Robert M. Shrum is a Senior Fellow and Clinical Professor at New York University’s Robert F. Wagner Graduate School of Public Service. Previously he was a strategist and consultant, serving as senior advisor to the Kerry campaign in 2004 and the Gore campaign in 2000. The Atlantic Monthly described him as "the most sought-after consultant in the Democratic Party." Mr. Shrum was speechwriter for Senator George McGovern in his 1972 presidential campaign; press secretary for Senator Edward M. Kennedy from 1980 to 1984; and speechwriter for Senator Kennedy during and after the 1980 presidential campaign. He was the media advisor and strategist for thirty-one successful Senate campaigns, ten successful campaigns for Governor, and for successful campaigns for Mayor in major American cities. As a journalist, Mr. Shrum´s work has appeared in New York Magazine, The Los Angeles Times, The New York Times, and The New Republic, among other publications. He has been a columnist for Slate and writes a regular column for theweek.com. Mr. Shrum´s national bestseller, No Excuses: Concessions of a Serial Campaigner, was published in June 2007 by Simon and Schuster.
What does "Dialogue" mean to you?
The capacity which often seems to be lost in the increasing cacophony of American politics, to listen to other points of view, and respond in a way that enlarges and moves the discussion on. That’s what I prize most about the La Pietra Dialogues. People with differing views, in different parties, from different places sit together in the city that invented the Renaissance and at the best moments think anew and open a way for decision makers to act anew.
How are European and American politics similar and different?

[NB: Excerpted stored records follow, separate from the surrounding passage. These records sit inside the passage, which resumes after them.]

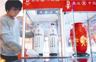 近日,記者在中山書城一樓看到一種帶“奧運(yùn)會(huì)徽”“福娃”圖案的陶瓷制品在中山上市。據(jù)了解,這種瓷瓶是為迎接2008年在北京舉行的第29屆奧運(yùn)會(huì),經(jīng)北京奧組委授權(quán)發(fā)行的,屬于限量發(fā)行的收藏品,有很高的藝術(shù)價(jià)值和收藏價(jià)值。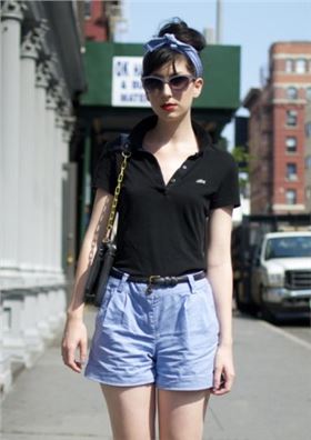 夏天有一個清爽的發型會加分不少,如果你懶得每天扎頭發,那就用絲巾來幫你一把。要是你想來個加分選項,那么綁個丸子頭;頭巾和服飾上有個顏色對應,在這方面也可以注意一下,比如這位是頭巾和褲子顏色。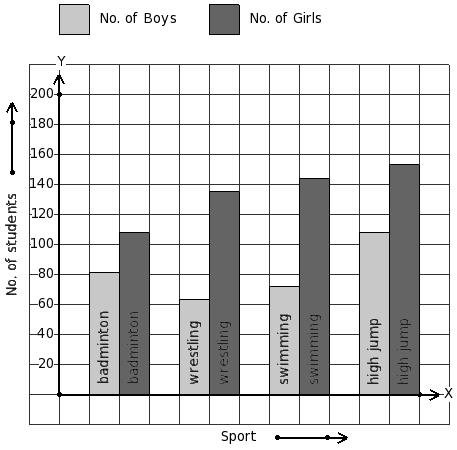 The following bar graph gives data regarding the favourite sport of 864 students of a school. Identify the table for the given bar diagram.

The biggest difference – at least in some European countries – is the lesser role of paid television advertising that has given centralized party structures more influence and tighter control. But that is breaking down with because of the impact of the current economic crisis and because social media are creating new and more engaging ways to communicate and mobilize. A fundamental similarity, and this is fundamental, is that message matters. The narrative that a candidate or party adopts has to meet voters where they are, dealing with their top of mind concerns, rather than trying to tell them that an election is about something other than that.
Which European politician has impressed you the most? Why?
Gordon Brown. He is a rare combination of high intelligence and deep principle with a nearly matchless command of the substance of public policy. At the same time, he is one of the greatest political strategists I’ve ever met. He was the key strategist in the Labor Party’s victories from 1997 – 2005. And while he lost in 2010 – although he came closer than anyone predicted – as Prime Minister in 2008 and 2009 he played a central and indispensable role in preventing a global economic recession from becoming a second Great Depression.
What have you taken away from your experience at La Pietra?
Great insights, great friendships, and great memories.